C'est l'histoire d'une tragédie qui nous emportera tous si l'Union européenne n'agit pas avant le 17 juin. Avant que les Grecs ne retournent aux urnes.
La démocratie a besoin de temps long, la crise jouit du temps court. Elle ne peut que gagner et faire le jeu des démagogues. Pour l'instant, ils ne sont que 6,9 % àavoir voté pour le parti néonazi d'Aube dorée. Même s'il devait en rester là, ce chiffre sonne comme une alerte. N'en déplaise à ceux qui, sur Internet, n'y voient qu'une figure journalistique pour éviter de parler des "vrais problèmes" ou du score effectivement plus important de Siriza, la multiplication des ratonnades contre les immigrés dans les rues d'Athènes ne relève pas de la "mythologie grecque", mais d'une triste réalité.

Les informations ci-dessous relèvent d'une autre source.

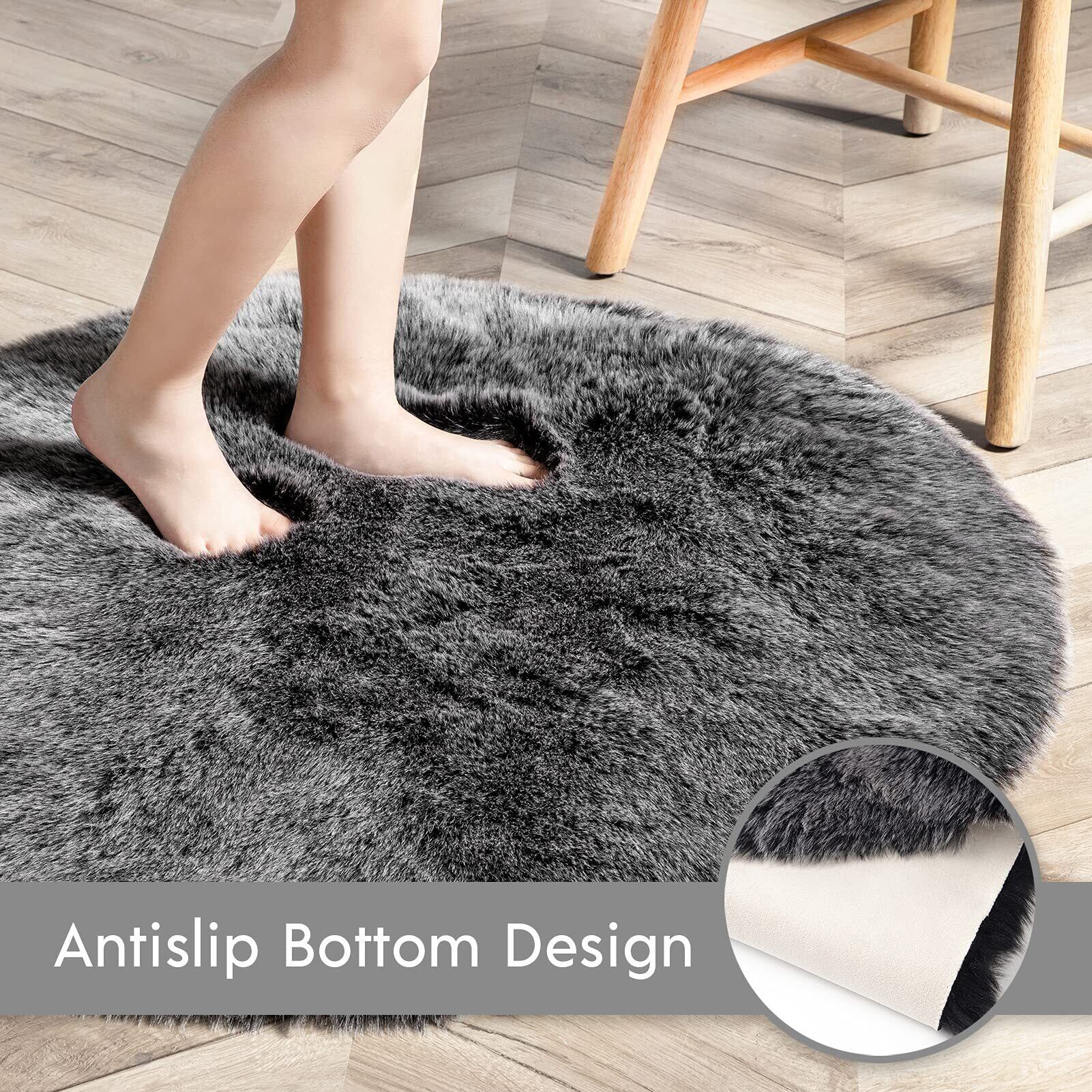 Phantoscope ラグマット カーペット ムートンマット 滑り止め付 柔らかい シープスキン 厚手 極厚毛足約5cm 手触り優しい ふわふわ 折り畳み 洗える 抗菌 防ダニ 北欧 キャンプ 冷房 床暖房対応 60×90cm ホワイティッシュチップ&ブラック

Après avoir nié le danger de l'intégrisme musulman sous prétexte du racisme, certains sont visiblement prêts à nier le danger de l'extrême droite et du racisme sous prétexte de la crise grecque. Ceux-là vivent visiblement dans un monde simple, bien plus idéologique que journalistique, où l'on choisit son camp : celui des purs contre les méchants. Les musulmans contre George Bush, les Grecs contre Angela Merkel. De même qu'il n'existerait aucun danger intégriste sous prétexte que Bush était le pire président du monde, les Grecs ne seraient coupables de rien... sous prétexte qu'Angela Merkel est une chancelière désespérante.
Pourtant, rien n'est si simple. Du moins si l'on accepte de regarder ces enjeux sous un angle factuel et non idéologique, c'est-à-dire en face. L'Allemagne, qui a fait tant d'efforts et de sacrifices pour mettre ses comptes à flot après la réunification, est logiquement réticente à l'idée de faire cause commune avec laGrèce, mais coupable de ne pas avoir fait passer cette réticence avant l'intérêt général.
Elle ne fera rien tant que ses propres taux d'intérêt seront mieux servis par l'abandon que par la solidarité, c'est-à-dire la mutualisation des dettes au niveau européen. Cette prise de conscience finira bien par arriver. Une faillite grecque entraînera l'Europe et ses banques, y compris allemandes, dans un tourbillon qui nous affectera tous. Le problème, c'est que ce déclic arrivera trop tard.
Agir avant le 17 juin
C'est maintenant, avant le 17 juin, qu'il faut proposer aux Grecs un nouveau plan européen, fait de temps et d'oxygène pour rembourser, de monétisation de la dette par la Banque européenne et de vieille dette renégociée. C'est ce plan, plus urgent que les euro-obligations, qui presse. Lui seul peut leur donner envie de trouver une majorité constructive, où la colère juste de Siriza et le pragmatisme nécessaire du Pasok pourraient cohabiter.
Après, il sera trop tard. Trop tard pour convaincre les Grecs que leurs efforts en valent la peine. Trop tard pour éviter la faillite, la sortie de la zone euro et la tentation autoritaire. Ce jour-là, très bientôt, il ne servira à rien d'en vouloir aux Grecs, pourtant responsables. Que ce soit par un libéralisme hérité du rejet du communisme, ou par hantise de l'inflation ayant fait le lit du nazisme, ceux qui ont tardé à faire le nécessaire devront assumer leur part de responsabilité : avoir fait le jeu de tout ce qu'ils redoutaient.